If your raid is wiping at 30%, what a good raid leader would do is look at what is killing the individual players. The fact that the raid is wiping then doesn't mean as much as "why" the raid is wiping then.
A proper combat tracker will be able to tell you literally every attack that your group or raid dealt to an encounter, every attack they recieved from an encounter, every heal, and every CC that hits its mark.

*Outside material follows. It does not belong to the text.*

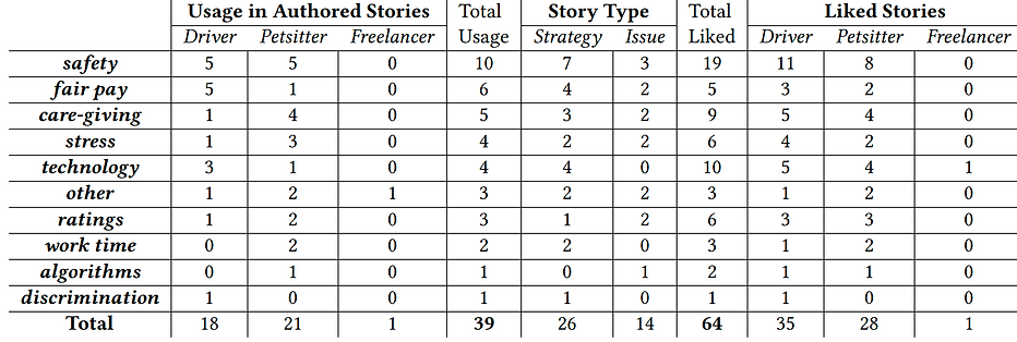 Analysis: We used a mixed-methods approach, combining quantitative analysis of usage data from the system backend with qualitative open coding of onboarding and exit interviews to explore workers' interactions with the app.

Obviously, from this, things like individual character DPS or HPS can be calculated, but so too can things like how much damage the tank is mitigating, blocking and dodging, which healers are over healing, which players are not successfully performing the tasks that the encounter is asking of them, who is not moving out of the lava - etc.
In terms of relevent information, a person that understands how a combat tracker works is able to look at a handful of charts that the tracker spits out, and will know how the pull went, and why that is how it went.
I was talking about damage meters specifically, hence why I mentioned wanting to have a log available, and why my references were specifically to the meters.
Combat logs are usually the things that such meters pull data from, and do serve a useful purpose outside of providing raw numbers.
I'm not interested in seeing how hard every single attack hit. I don't think it's particularly useful information. Knowing that someone died by standing in fire though... that's pretty useful. I don't really care how hard the fire hit them.